Review: “Luckiest Man: The Life and Death of Lou Gehrig”


(Review by Sam Grabelle, Writing Specialist and FFL Instructor with the Bryant Writing Center.)

Luckiest Man: The Life and Death of Lou Gehrig
by Jonathan Eig
(Simon & Schuster, 2005)

I am not a baseball fan and have never understood batting averages, but I have learned that baseball makes for great reading. I’m not sure there is another sport that translates as well to the page. I was surprised when Doris Kearns Goodwin’s Wait Till Next Year became one of my favorite memoirs.
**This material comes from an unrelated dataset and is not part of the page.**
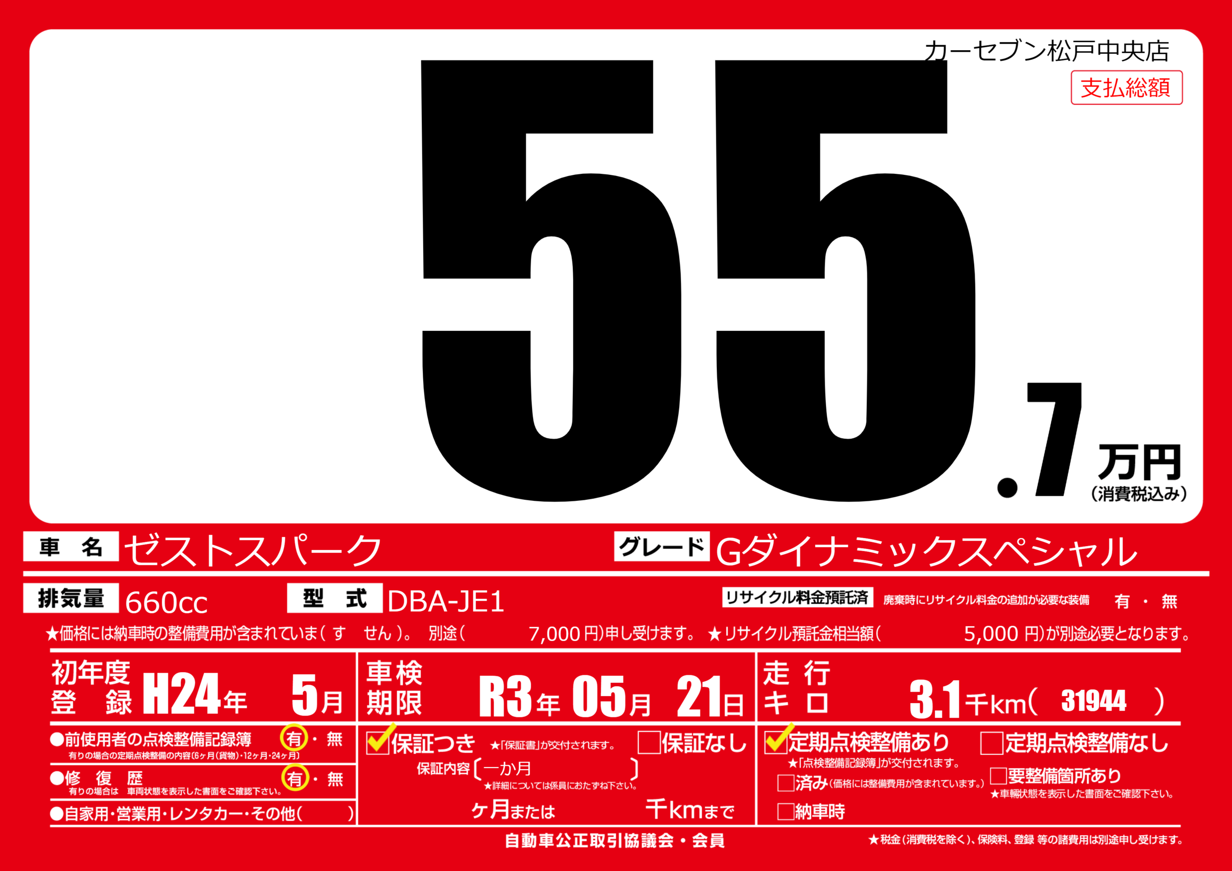 | 車名 | ゼストスパーク | グレード ミッション 排気量 |

When a very close family friend was diagnosed with ALS, I needed to know what it was, what it’s going to do to him, and who this man was whose name is synonymous with this still incurable disease. Jonathan Eig’s definitive biography, Luckiest Man: The Life and Death of Lou Gehrig (Simon & Schuster, 2005) leaped out at me from the thrift store shelf a few weeks before I would join my friend and his incredible team of supporters at this year’s ALS Association’s Walk to D’Feet ALS. I finished the book the night before meeting everyone at the boardwalk to celebrate our nearly $10,000 fundraising success. (See a photo here.)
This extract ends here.